PROBLEM DESCRIPTION: Only the lines from the start of the data to the line containing "Чехол на айфон", both included, should be output, exactly and without pictures.

EXERCISE DATA:
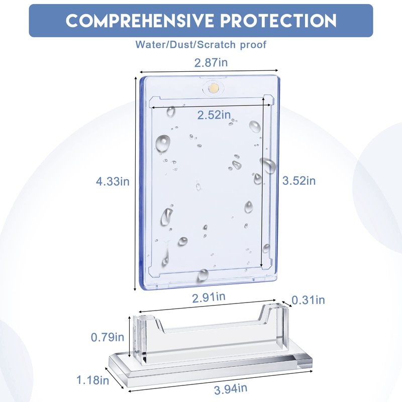 - Size Information: each trading card case is approximately 2.87 x 4.33 inches, designed to store standard size cards; The size of the slab stand is about 3.94 x 1.18 x 0.31 inch, and the card slot is 0.79 inch high, which is spacious enough to hold the magnetic card holder and display your card safely
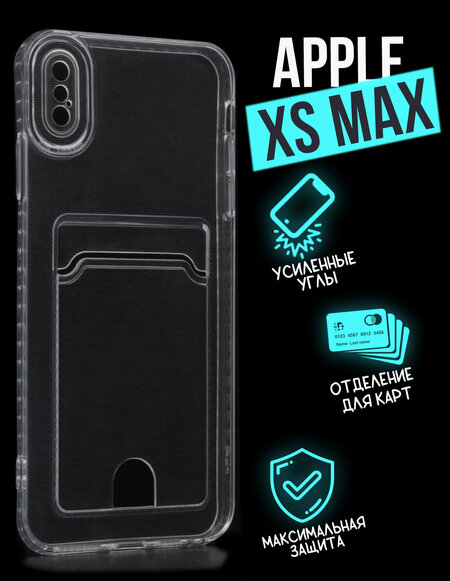 Чехол на айфон XS MAX с карманом для карт, противоударный, силиконовый, прозрачный
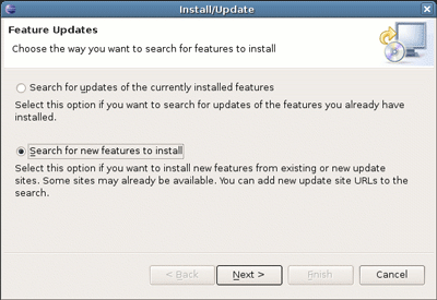 The Update Manager can, in addition to downloading new packages, also search for upgrades to already-installed features. For now, choose Search for new features to install in the dialog that appears. The other option (Search for updates to the currently installed features) can be used to update to the latest release of Cadena if you already have a previous version of our Eclipse feature installed. |
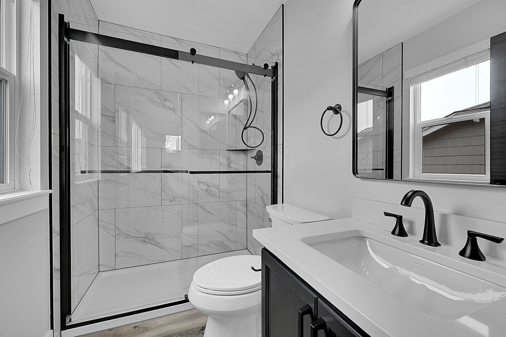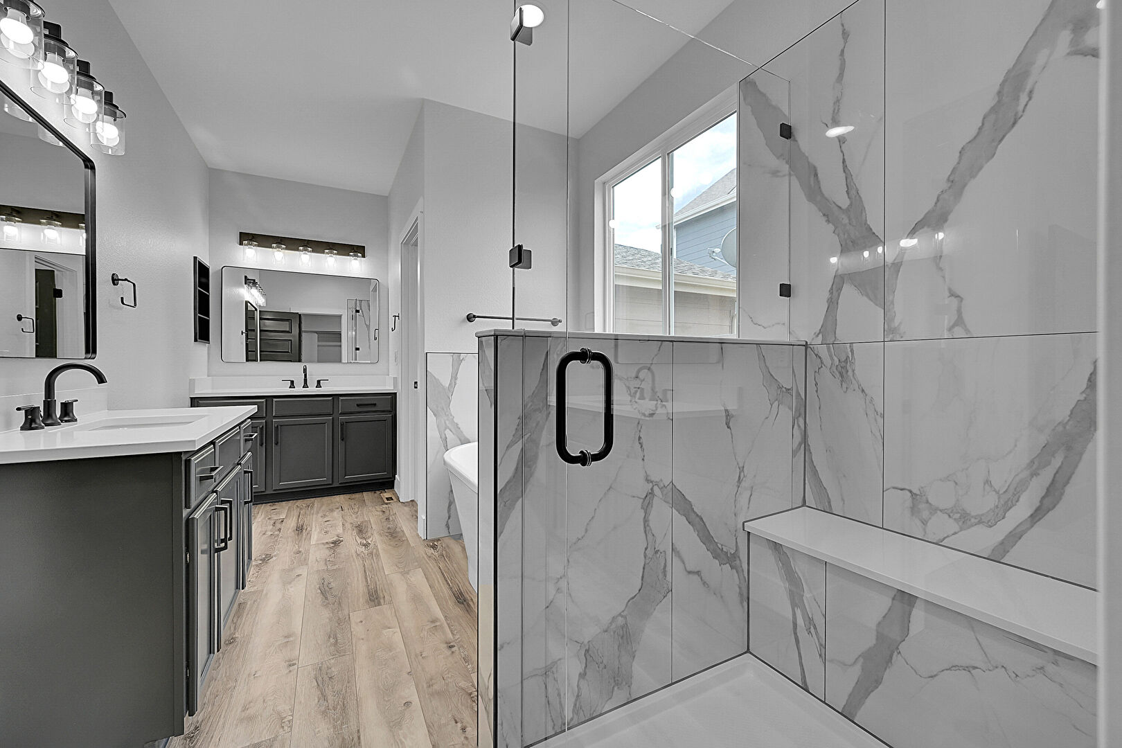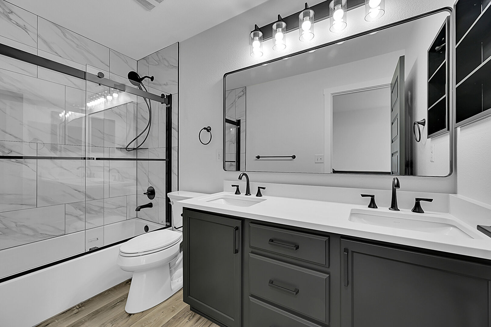 Baseboards Wall, Combined Bath Shower, Drywall, Full Bathroom, Natural Light, Vanity, Vent, Wood Finish Floor, Double Vanity, Full Bathroom, Half Bathroom

RESULT FOR THIS EXERCISE:
 - Size Information: each trading card case is approximately 2.87 x 4.33 inches, designed to store standard size cards; The size of the slab stand is about 3.94 x 1.18 x 0.31 inch, and the card slot is 0.79 inch high, which is spacious enough to hold the magnetic card holder and display your card safely
 Чехол на айфон XS MAX с карманом для карт, противоударный, силиконовый, прозрачный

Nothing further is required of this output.